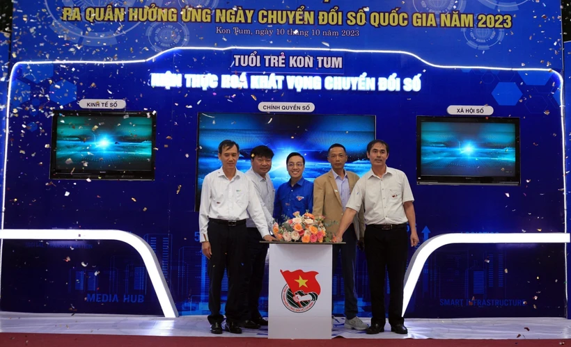 Các đại biểu ấn nút phát động ra quân hưởng ứng Ngày Chuyển đổi số quốc gia năm 2023 với chủ đề “Tuổi trẻ Kon Tum hiện thực hóa khát vọng Chuyển đổi số”. Ảnh: Khoa Chương - TTXVN
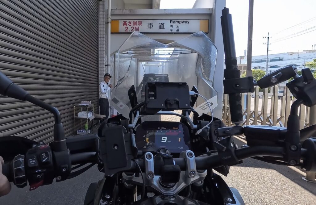 ここで 荷物検査を受け そのまま 軽自動車に先導されて建物内を移動します。
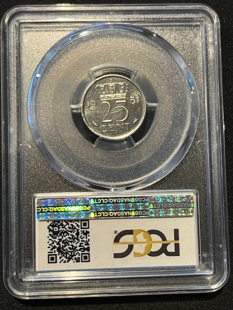 Deze zeldzame set, door PCGS gecertificeerd bevat de 1 cent 1951 in PR64RD, 5 cent 1954 in PR66RB, 10 cent in PR66Cam en de 25 cent in PR64, allen geslagen met gepolijste stempel op gepolijst muntplaatje. Wij verkopen deze vier munten als complete set. Deze set komt zelden voor compleet en heeft een lage oplage, van waarschijnlijk niet meer dan 35 stuks.
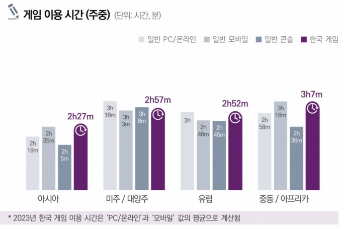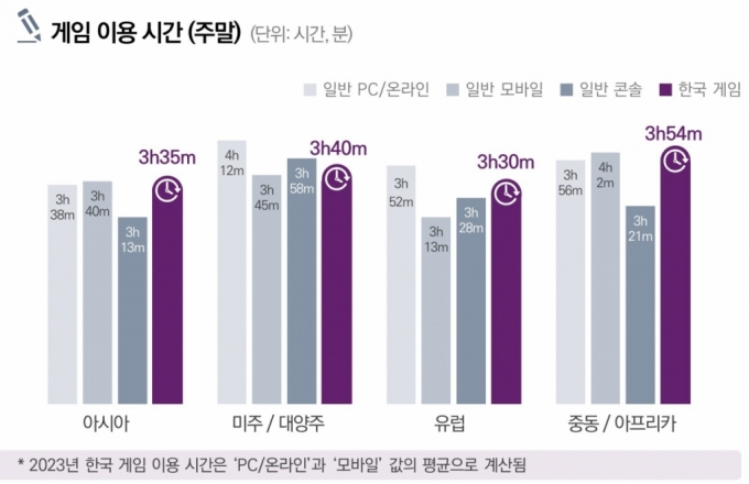 문화체육관광부와 한국콘텐츠진흥원이 8일 발간한 한국 게임에 대한 해외 게임 이용자들의 인식과 이용 실태를 정리한 '2023 해외 시장의 한국 게임 이용자 조사' 보고서에 따르면 K-게임의 하루 평균 이용 시간을 권역별로 비교해본 결과, 주중과 주말 모두 브라질에서 상대적으로 높게 나왔다. 주중은 브라질(3시간 39분), 프랑스·사우디아라비아(각각 3시간 26분), 인도(3시간 19분) 순으로 집계됐다. 주말은 브라질(4시간 39분), 인도네시아(4시간 13분), 아랍에미리트(4시간 10분), 독일(4시간 4분) 순이었다.

▬▬▬▬▬▬▬▬▬▬

Task requirements =>
Reproduce exactly the lines from the beginning of the material down to the line containing "ここで 荷物検査を受け そのまま 軽自動車に先導されて建物内を移動します。", both ends included, but not the pictures or anything after.

Written solution =>
 Các đại biểu ấn nút phát động ra quân hưởng ứng Ngày Chuyển đổi số quốc gia năm 2023 với chủ đề “Tuổi trẻ Kon Tum hiện thực hóa khát vọng Chuyển đổi số”. Ảnh: Khoa Chương - TTXVN
 ここで 荷物検査を受け そのまま 軽自動車に先導されて建物内を移動します。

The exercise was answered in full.